Po opublikowaniu mojego najnowszego wpisu byłam rozgoryczona, zła, podrażniona i w pewien sposób zrozpaczona. Wtedy, kiedy czytałam co mogło się dziać na Polnej w Poznaniu wieczorami, kiedy ze łzami w oczach pytałam PT, czy on pamięta, że Jaś po powrocie do domu był nauczony spania w niewyobrażalnym hałasie, że nie przeszkadzała mu pełna pielucha … Nigdy nie kwilił, nie płakał, nie dawał znaku, że coś mu przeszkadza … Dziecko, które miało okropną nadwrażliwość dotykową … Moje dziecko. A jednak ta pielucha.

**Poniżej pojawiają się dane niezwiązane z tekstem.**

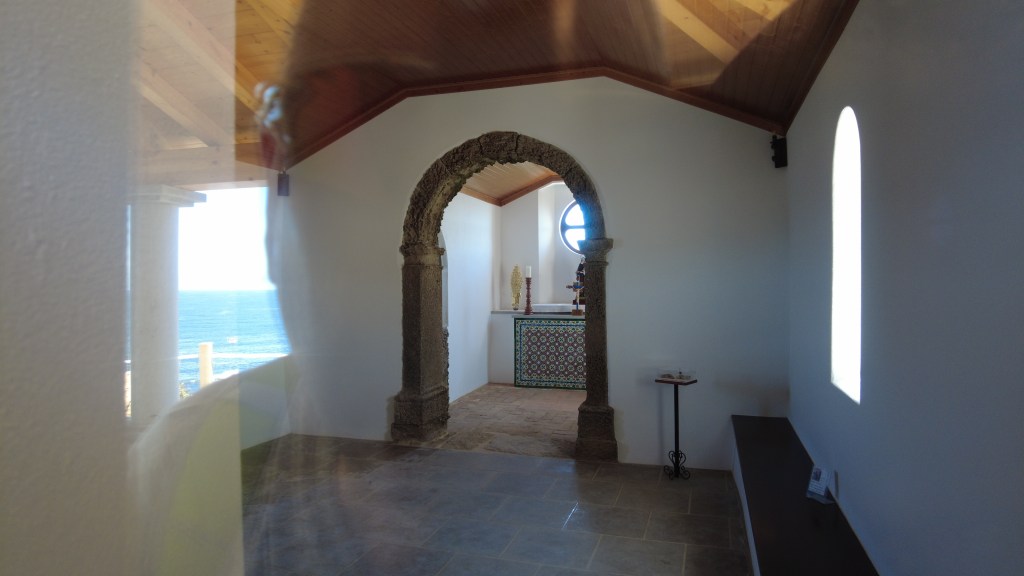 The restoration of the chapel is really very good and is of high quality. It also has amazing views over the coast and inlet to the bay. The porch area was a blissful place with its shade and cooling breeze. It was unfortunately locked but we had a peek through the windows and managed to snap a picture. Money well spent!

Ten wpis powstaje, żebyście nie musieli się buntować przeciwko wszystkim. Czarne owce, to nadal bardzo widoczne stado na wszystkich oddziałach. Podobne historie można opowiedzieć z patologii ciąży, na której notabene spędziłam dwa miesiące, zanim urodziłam Jacha. Tam również były różne osoby, tak różne, że niekiedy nie było porównań. Niebo z Ziemią, ogień z wodą. Były takie, które miały pretensje, że w nocy ktoś czegoś chce i takie, które przychodziły w nocy i pomagały, bez żadnego „ale”. Była i taka, która wioząc mnie na porodówkę, trzymała mnie za rękę i mówiła: „Dasz radę, tyle wytrzymałaś„. Była i taka, która zniesmaczona krzyczała do mnie: „Wszystkie się tak dzisiaj drą, a ja jeszcze śniadania nie jadłam”. Szpital na swoim fanpage skomentował to tak: „W żadnym wypadku nie będę zaprzeczać, ale mamy prawie 1000 pracowników, zawsze zdarzy się kilka czarnych owieczek.„
O czarnych owcach już nigdy nikt nie zapomni. Ale wśród czarnych owiec, są latające ponad nimi Anioły. Anioły zapamiętane do końca życia. Przez wdzięcznych rodziców.